No, that's just your caricature of reality. Reality depends entirely on the reality of what the users asked for and the product.


I think you're reading this the wrong way, there's (literally!) decades of scientific literature about it, and it's not a problem of being condescending.

For a gentle non-scientific introduction: https://www.forbes.com/sites/leoyeykelis/2018/05/10/why-its-...

If you actually want to know more, a very accessible textbook: https://books.google.nl/books/about/Interaction_Design.html?...

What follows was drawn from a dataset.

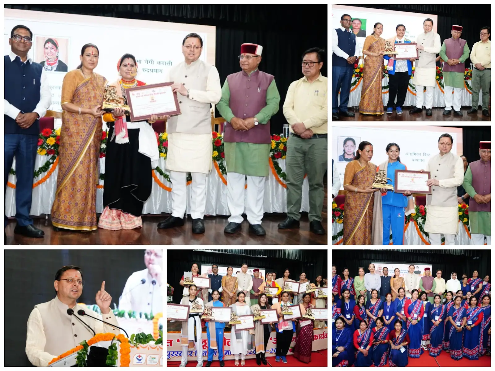 गुरुवार को सर्वे चौक स्थित आईआरडीटी सभागार में आयोजित राज्य स्त्री शक्ति, तीलू रौतेली एवं आंगनवाड़ी कार्यकर्ता पुरस्कार वितरण समारोह में मुख्यमंत्री पुष्कर सिंह धामी ने विभिन्न क्षेत्रों में उल्लेखनीय कार्य करने वाली 13 महिलाओं को तीलू रौतेली पुरस्कार और 33 आंगनवाड़ी कार्यकर्तात्रियों को उनके उत्कृष्ट सेवा कार्य के लिए सम्मानित किया।

Could you me just a tad more specific instead of sciencing around? For example, I've read your article and its argument is simply not relevant

> Good UX research, however, does not ask people what they want. That’s because people find it difficult to put themselves in imaginary situations, especially in cases where they need to picture a future with products and technology that do not currently exist.

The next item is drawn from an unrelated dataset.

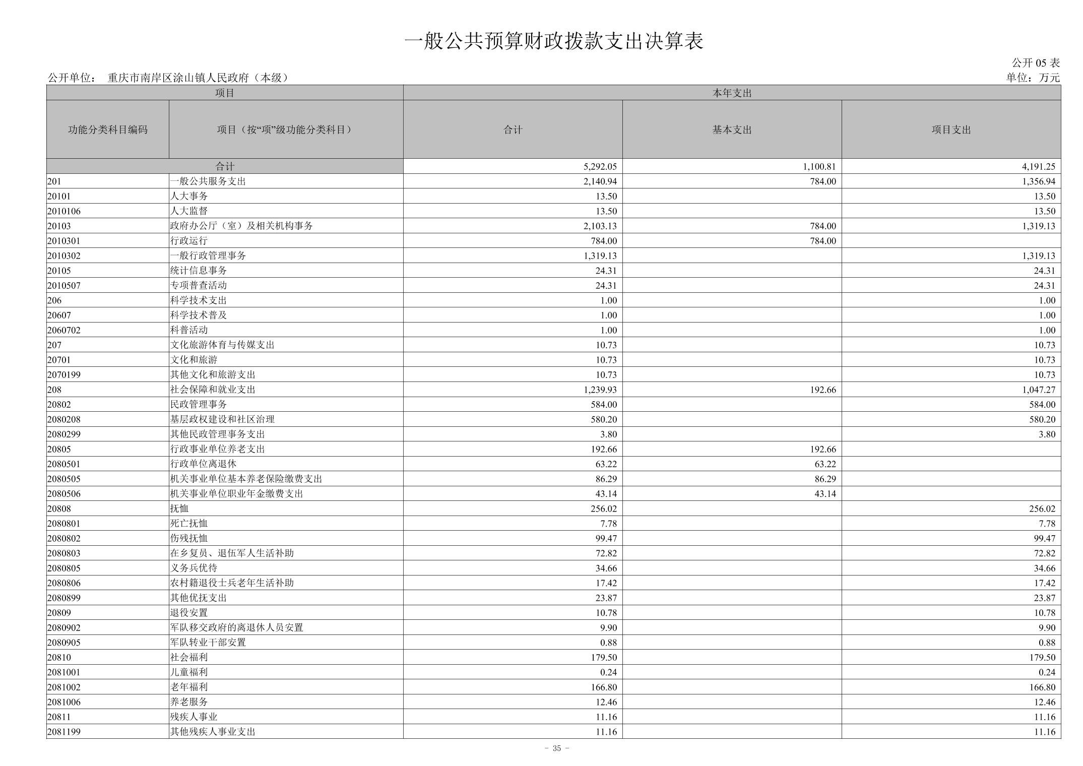 重庆市南岸区涂山镇人民政府(本级)2023年度决算公开说明

But this is a text editor, gazillions of those exist, with various UI paradigms and features, it simply makes no sense to claim that all users, even those very experienced in alternative apps (so nothing imaginary about that), don't know better than BBEdit's small design team, thus it's ok to ignore their explicit asks because you know "what they really need"

Like in the example cited above with removing hard wrapping, the quoted argument "The two states (hard wrap while typing) and soft wrapping have the same visual result and would tend to cause considerable confusion. " is patently false as there exist editors with very clear separation of the two (and those being confused can always disable either). But then if you think you know better, you keep being "utmost-respectfully" wrong for years


I cannot give you a specific example in this case, because I don’t know the feature, use case and problem… which is kinda the issue at hand. But the claim that “users are familiar with other apps, we should give them the exactly same features if they ask for it” is not very sound: first of all, not all users will be familiar with other editors. Those familiar might have had a very hard time learning them at first. And, in general, it’s good to ask “why do you want that? Show me how you use it and why you think it’s important, and we can test multiple design alternatives until we found something that works for you”, instead of “let me add feature X from editor Y” (both because there would be no innovation, but also no reason to change editors).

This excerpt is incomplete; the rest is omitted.